I once met a young man who was being treated for OCD and scrupulosity. Walking down the hallway with this guy was a task. Every time he RANDOMLY THOUGHT something that he feared was blasphemous, he would have to (be compelled to) kneel down, touch the floor 5 times and then stand back up and go on.

Now this is a mental illness. No one expects it to be "rational". But here's my question for the pious:

Why would God allow a disease to exist that one is likely born with, that turns "faith" into a torture?
 
But you and I both know that thousands of people have been murdered over these "choices of God". And God didn't step in and set out more truth for us. We got to murder each other until enough people got tired of the blood that we just sat back and continued to create out own versions of God.
Start with, Don't murder.
 
If God, the ruler of the entire universe, the ONLY TRUTH, eternal and unchanging, can change to fit modern mores then I say "Keep up the good work! Make a God that everyone gets along with and doesn't have any onerous requirements!"
I prefer His challenges.
 
Start with, Don't murder.

Have you ever heard the phrase "Kill 'em all, let God sort 'em out"?

Yeah, that comes from the Albigensian Crusade in which the Catholic Church murdered an heretical sect in southern France. The phrase was anecdotally claimed to have been said by the Papal Legate at the time. Only in Latin: Caedite eos. Novit enim Dominus qui sunt eius.

I agree. No one should murder. Least of all the Catholic Church.
 
I get that assessment of me. It's wrong, so what it's not a matter of not "getting" it, it's a matter of passing over it.

It's wrong? So you accept all the bits in the Bible about God?

You accept the calls to Genocide and to put all living people in a town to the edge of a sword?

No, no you don't. But those are part of the Bible.

So how is it NOT you paring out uncomfortable parts based on your preferences?
 
Here's an interesting wrinkle: Have any of you folks ever heard of "Scrupulosity"? It's a legit mental illness (part of the OCD suite) in which people obsess on their faith. They worry non-stop that they have offended God or committed some sin and they live in abject horror.

It may sound funny when you first hear it, but trust me, I've seen folks suffering from it. Most of us wouldn't last a day in their shoes.

I once met a young man who was being treated for OCD and scrupulosity. Walking down the hallway with this guy was a task. Every time he RANDOMLY THOUGHT something that he feared was blasphemous, he would have to (be compelled to) kneel down, touch the floor 5 times and then stand back up and go on.

Now this is a mental illness.

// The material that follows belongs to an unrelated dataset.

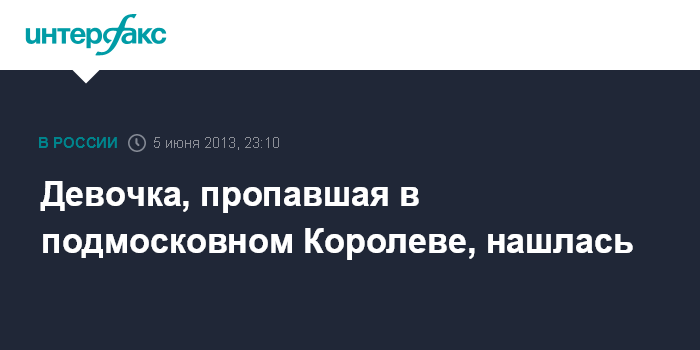 Девочка, пропавшая в подмосковном Королеве, нашлась
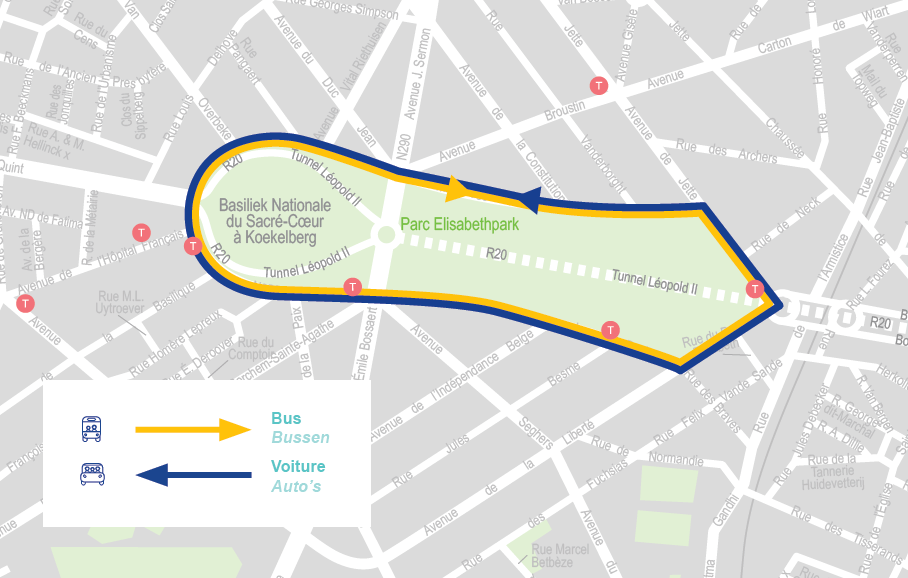 The Leopold II tunnel will be closed again during two summer months starting from June 28th. In anticipation of this closure and already from June 15, a unique direction is established around the Elisabeth Park and the Basilica, in order to avoid that the traffic of transit penetrates in the living quarters.

No one expects it to be "rational". But here's my question for the pious:

Why would God allow a disease to exist that one is likely born with, that turns "faith" into a torture?

I'm genuinely curious, Meriweather . Can you explain this to me in your version of God?
 
My point being: presumably God wants ACTUAL love and worship not just some potemkin village of it. That's all I can give since I don't feel he is real.
'Potemkin villages'? I need a more precise description of these.

Is love real? Is goodness real? If one feels these are real, one can give them.